Сейчас она была очень хороша, совсем святая Цецилия с белым свитком в руке из Францисканского монастыря, писанная, как говорили, самим Рафаэлем…
Константин подошел, осторожно прижал к себе головку жены, стал поцелуями осушать ее слезы… Чаще, дольше касались губы опечаленных глаз. Вот и ее уста ответили лаской на ласку… И взаимную печаль они слили со взаимным трепетом любви, который от примеси грусти был еще острее и приятнее…

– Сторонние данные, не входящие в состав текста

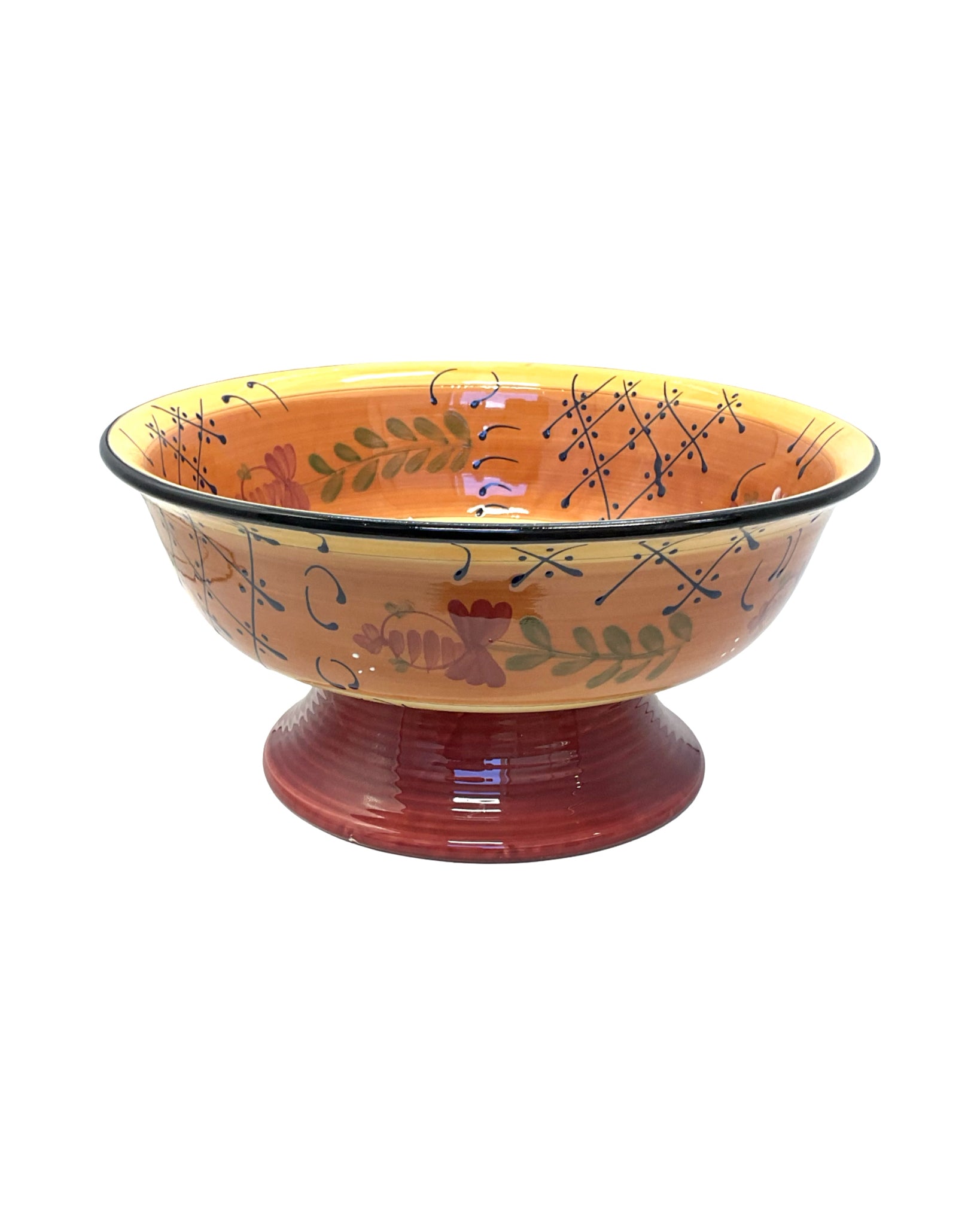 Pedestal Bowl Romancing Provence pottery taupe red & orange with hand painted detailing

— Однако, я забыл: меня там ждут еще люди… — овладевая наконец своим порывом, вспомнил Константин. — Спи, моя голубка. Завтра я покажу тебе письма, которые пошлю в Петербург. Будь покойна… Спи…
— Имею честь явиться по приказанию вашего императорского вели… — начал было Кривцов, когда камердинер Фризе распахнул перед ним и Курутой дверь кабинета, куда вернулся Константин из спальни жены. Но кончить фразы генералу не удалось, он чуть не прикусил язык от гневного взгляда цесаревича и почти грозного окрика:
— Какое еще там величество? Объявляю вам и прошу передать всем, кто не хочет огорчить меня и вызвать
Пожав руку Кривцову, который поклонился еще раз и вышел. Константин обратился к Куруте, стоящему у окна, как будто старик хотел увидеть что-то в темноте, а сам вытирал слезы, часто-часто выплывавшие из-под припухших красноватых век на такие же пухлые, налитые кровью, щеки.

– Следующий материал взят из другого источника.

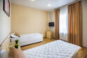 Две раздельные кровати, диван-кровать, зеркало, прикроватные тумбы, телевизор, санузел (душ+туалет), КУХНЯ, чайник, микроволновая печь, обеденный стол, стулья, балкон

— Ты что там делаешь, старик? — мягко спросил Константин. — Никак?..
— Плацу… видишь, плацу… Больси делать нецего теперь…
Глубокий вздох заключил этот наивный ответ.

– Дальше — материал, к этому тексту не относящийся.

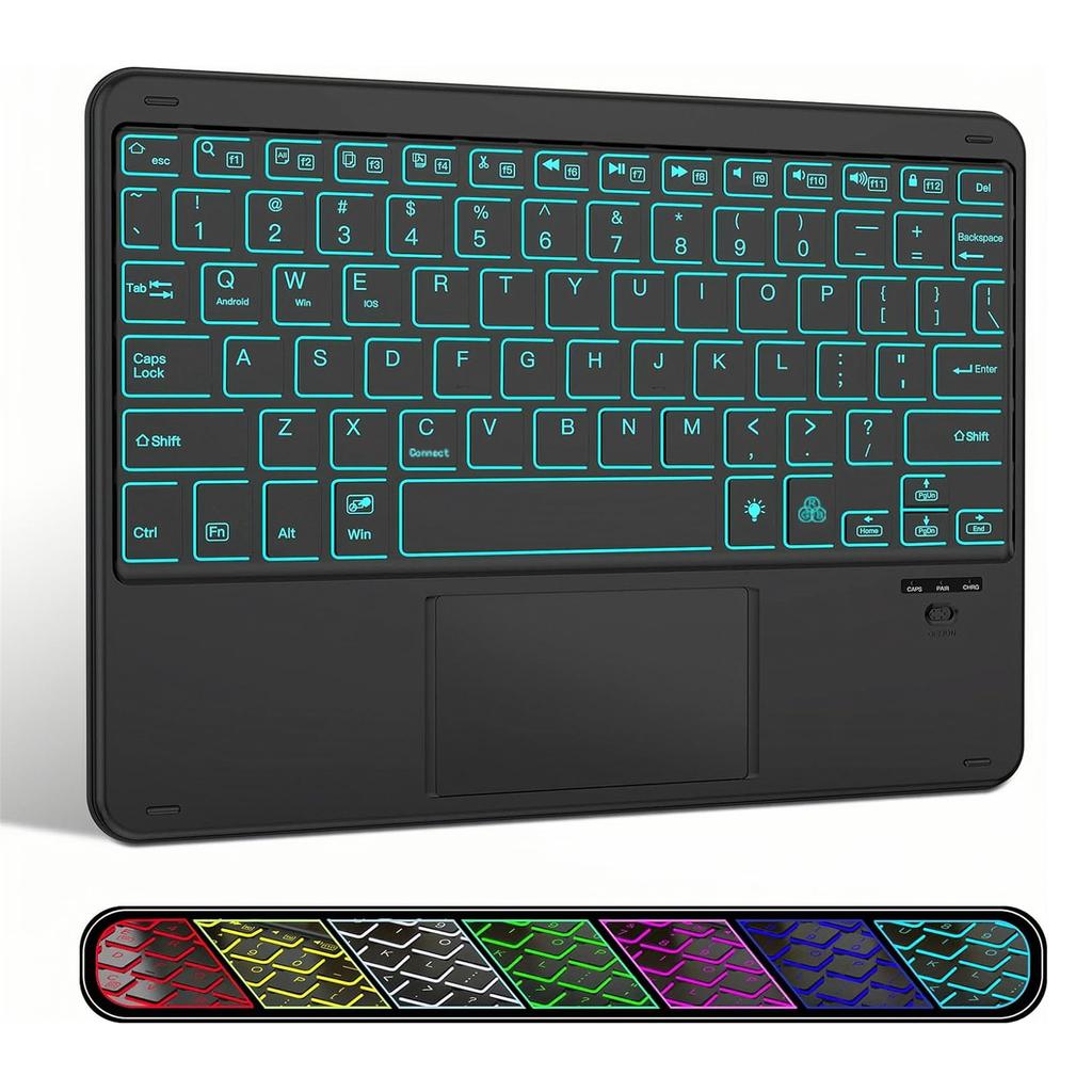 [Bluetooth-клавиатура с тачпадом] Bluetooth-клавиатура оснащена тачпадом, который выполняет функции левой и правой кнопок мыши и колесика, поэтому нет необходимости доставать мышь для выполнения простых задач.. Более того, в то время как мышью можно пользоваться, только положив ее на плоский стол или коврик для мыши, тачпадом можно пользоваться где угодно, даже лежа на диване.

— Поди ко мне… Поди… Ты помнишь?.. — начал было Константин, не докончил, обнял крепко друга своего детства и громко, бурно зарыдал, в первый раз давая полную волю своей скорби, которой долго не давали исхода жгучие вопросы и дела, ставшие на первую очередь в эту печальную минуту.
— Однако, слезами горю не поможешь, — еще вздрагивая всей грудью от не затихших рыданий, проговорил Константин. — Я поработаю сейчас, сколько смогу. Ты пораньше завтра приходи. Утро вечера мудренее, как говорит мой молодец Кривцов. Тебя я хотел просто увидеть. Толку мало от твоей хитрой головы. Тут дело не простое. Но ты его любил… Любишь меня. Я хотел тебя видеть…
— Кого же и любить старому Куруте! — покачивая облысевшей головой, подтвердил растроганный грек. — Я тебя маленьким, без станисек знал. Привицка. Ко всему привицка бывает у целовека. Ну, доброй ноци… Как ее светлость? Не оцень потревожилась зена твоя, а?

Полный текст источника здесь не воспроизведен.